In other words, the Prague accord and the redrawn NPT is primarily about countering any possible menace from the mullahs – mad or otherwise – in Tehran, with the North Koreans serving as purely ritualistic bogeymen or whipping boys for imperialism. And, of course, to this end, squaring up to Iran, Obama’s defence review concluded that there was “no need” to deploy an interceptor system in Europe – seeing how Iran had not concentrated on developing long-range ballistic missiles, “as had been expected”, but was instead focusing its energies on building shorter-range ones. Therefore the best and most efficient use of US imperialism’s resources was to build up and improve the current naval and land-based systems already near the Persian Gulf in order to meet the Iranian ‘threat’.

Clearly then, the ‘new Start’ hoop-la – the Obama and Medvedev Prague summit – does not promise a new dawn of global peace. Quite the opposite. If anything, it signifies a growing danger of military confrontation and a new hot war. That is, the budding entente cordiale between the US and Russia, if indeed that is what we are witnessing, represents a ‘triangulation’ manoeuvre against Iran – with Russia preparing to give the green light, or at least a nod and a wink, to US military adventures in the region.

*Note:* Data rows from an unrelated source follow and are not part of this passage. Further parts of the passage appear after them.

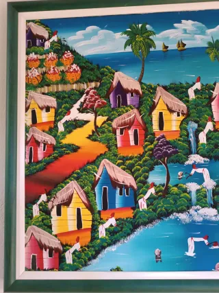 Cuadro original de vibrantes colores, pintado a mano. Comprado a un pintor en la República Dominicana en el año 1995. En todos éstos años, no ha perdido ni un poco de color. Es de estilo auténtico Naif. En el cuadro se indica la firma del pintor "Moreno". Está súper bien conservado, e incluye el marco de madera. Se entrega tal y cómo se ve en la fotos. Se puede enviar y si se reside por algún lugar de la provincia de Girona, (depende de cuál), se puede entregar en mano.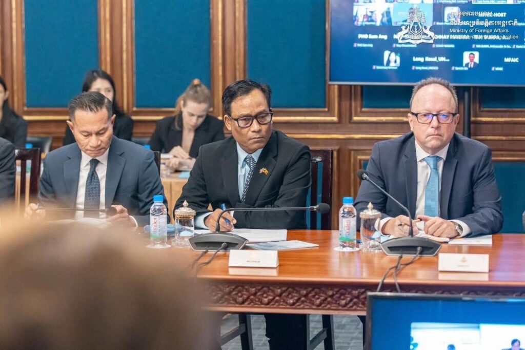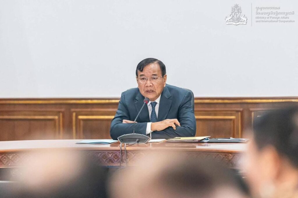 ក្នុងបទបង្ហាញស្តីពីការវិវត្តន៍ថ្មីៗ នៃស្ថានភាពព្រំដែនកម្ពុជា-ថៃ ជូនប្រធានបេសកកម្មការទូត និងតំណាងអង្គការ អន្តរជាតិនានា ក្នុងរាជធានីភ្នំពេញចំនួន៣៣ ស្ថានតំណាង និងមានចំនួនសរុប៥៥ រូប នៅរសៀលថ្ងៃទី៦ ខែមករា ឆ្នាំ២០២៦ លោក ប្រាក់ សុខ បានជម្រាបជូនពីលទ្ធផលសំខាន់ៗ នៃកិច្ចប្រជុំពិសេសរដ្ឋមន្ត្រីការបរទេសអាស៊ាន នៅទីក្រុងគូឡាឡាំពួ ថ្ងៃទី២២ ខែធ្នូ ឆ្នាំ២០២៥ កិច្ចប្រជុំពិសេសលើកទី៣ នៃគណៈកម្មាធិការព្រំដែនទូទៅ (GBC) ថ្ងៃទី២៧ ខែធ្នូ ឆ្នាំ២០២៥ និងកិច្ចប្រជុំរដ្ឋមន្រ្តីការបរទេសត្រីភាគីកម្ពុជា-ថៃ-ចិន នៅខេត្តយូណាន ប្រទេសចិន ថ្ងៃទី២៩ ខែធ្នូ ឆ្នាំ២០២៥ ដើម្បីជំរុញការអនុវត្តបទឈប់បាញ់ ឱ្យបានពេញលេញ និងមានប្រសិទ្ធភាព។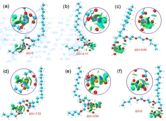 In order to study the critical factors of hydrogen bond changes in MgCl2 and CaCl2, the weak interaction for BEMA in aqueous MgCl2 and aqueous CaCl2 solutions was analyzed by IGMH (Figure 9). Figure 9a–c shows the distribution of the weak interaction of magnesium ions binding to one water molecule, two water molecules, and three water molecules, respectively. There is a significant weak interaction of magnesium ions with water molecules, chloride ions, and BEMA molecules, where the green part is mainly dispersion, and the blue part is electrostatic interaction. Each additional one water molecule that binds to a magnesium ion reduces the coordination of one of the electronegative oxygen atoms of BEMA to the magnesium ion. The lowest energy (−8.09 kcal/mol) was found by DFT calculations when three water molecules were coordinated to the magnesium ion (Figure 9c). The identical distribution of weak interactions with calcium ions in aqueous solutions of CaCl2 is mapped in Figure 9d–f. However, only one water molecule coordinated with the calcium ion had the lowest energy (Figure 9d, −7.53 kcal/mol). This result showed that the best way for calcium ions to bind in an aqueous solution is to coordinate with the three oxygen atoms of BEMA, which affects the hydrogen bonds between BEMA and water molecules. However, the coordination of BEMA with magnesium ions is only a carboxylate group, which did not affect the formation of hydrogen bonds between BEMA and water molecules.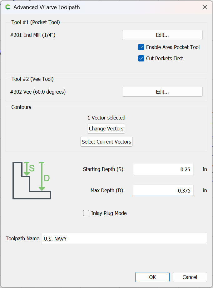 Plan to V carve a line that simulates ocean waves across a plaque, however it is an “Empty Toolpath” How do I close the toolpath and correct this? Thanks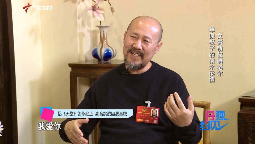 腾格尔:《天堂》 怎么写成这样呢?你比如说我一边写一边唱,这歌写到这儿的时候它必须得往上走。我爱你,这个出来了,这歌完了还不过瘾 。那你怎么过瘾?还得往上走这歌就变成一个大歌。一个很棒的作品了。
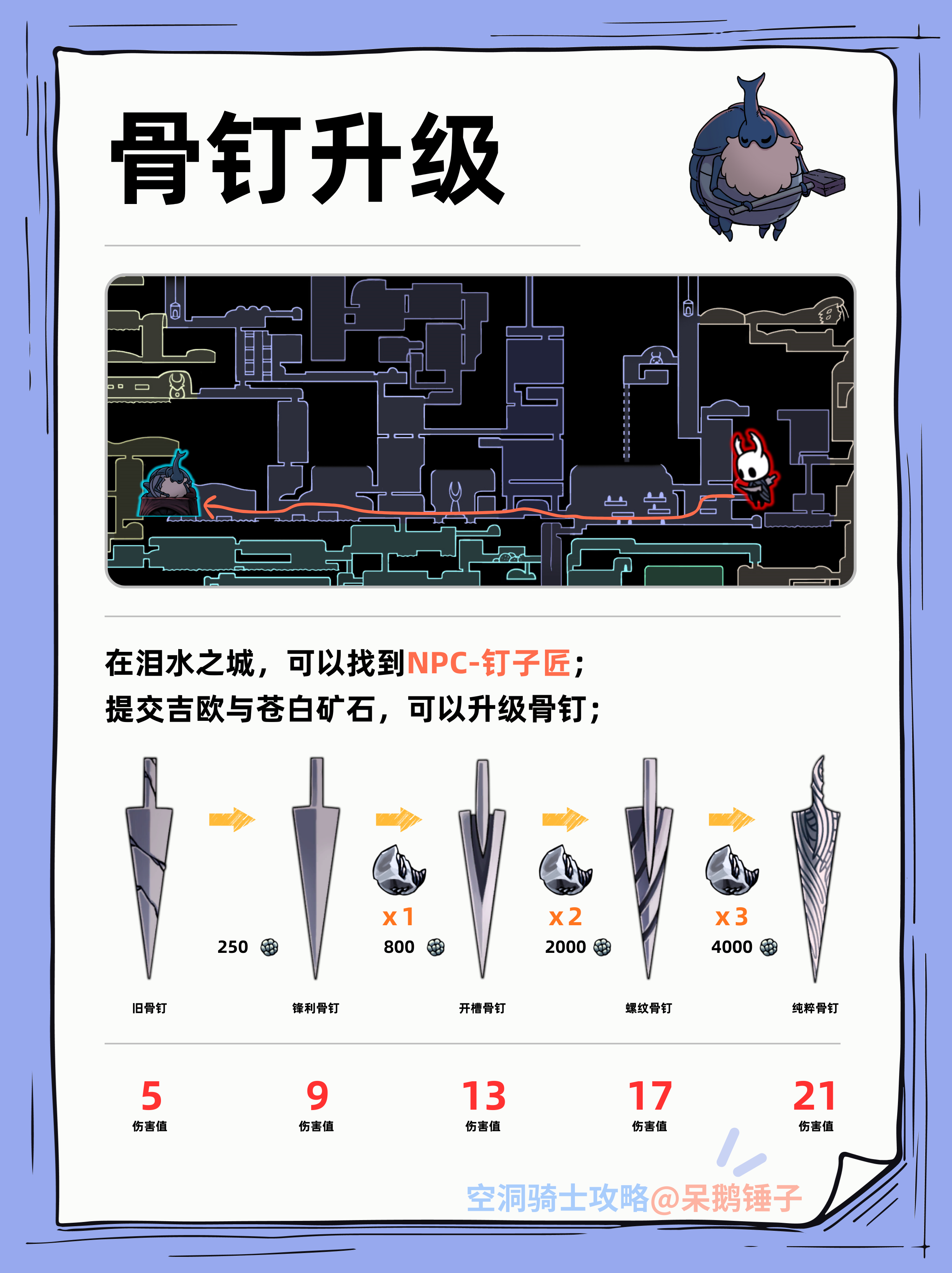 【空洞骑士】6个苍白矿石、骨钉升级攻略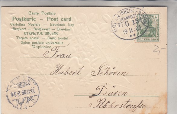 Glückwunsch AK Ansichtskarte Namenstag Bahnpoststempel Köln-Bonn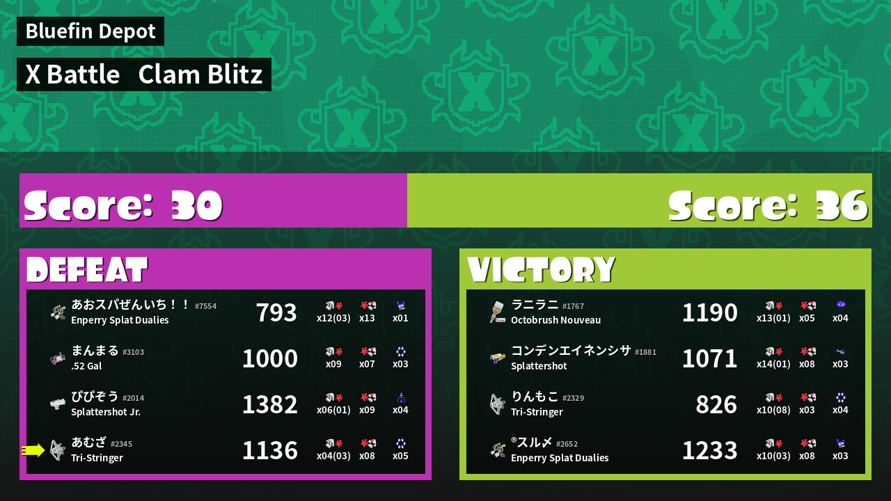 | Medals | #1 Clam Carrier #1 Splat Assister #2 Turf Inker | ||

That is exactly the opposite message we are hearing from the likes of Kate Hudson, chair of the Campaign for Nuclear Disarmament and stalwart Communist Party of Britain/Morning Star member. Hence she glibly informs us in an anodyne little article for the SWP-in-exile, Counterfire – a sort of less brainy version of the ex-Revolutionary Communist Party’s various projects – that the new Obama-Medvedev treaty is a “relief” and a “small step in the right direction” towards a nuclear-free world. Yes, it is a “bit like rearranging the deckchairs”, as the “nukes are still there”, but nevertheless the deal is “significant” and thus to be welcomed by all socialists and peace campaigners (www.counterfire.org).

Surely a useful idiot if ever there was one. No hint of the perils posed by the current round of imperialist machinations, or that under capitalism ‘peace’ is just the continuation of war by other, non-violent or non-military means. Peace presages war and war presages peace – such is the imperialist logic. Furthermore, comrade Hudson and her co-thinkers seem to imagine that ‘rogue’ state like the one in Tehran have not learned the lesson of Saddam Hussein – that not possessing weapons of mass destructions is openly inviting your own destruction. No wonder that the mullahs want their own bomb – with all its potentially catastrophic consequences for the Iranian working class, caught between the vice of theocratic/Islamist repression and US imperialism.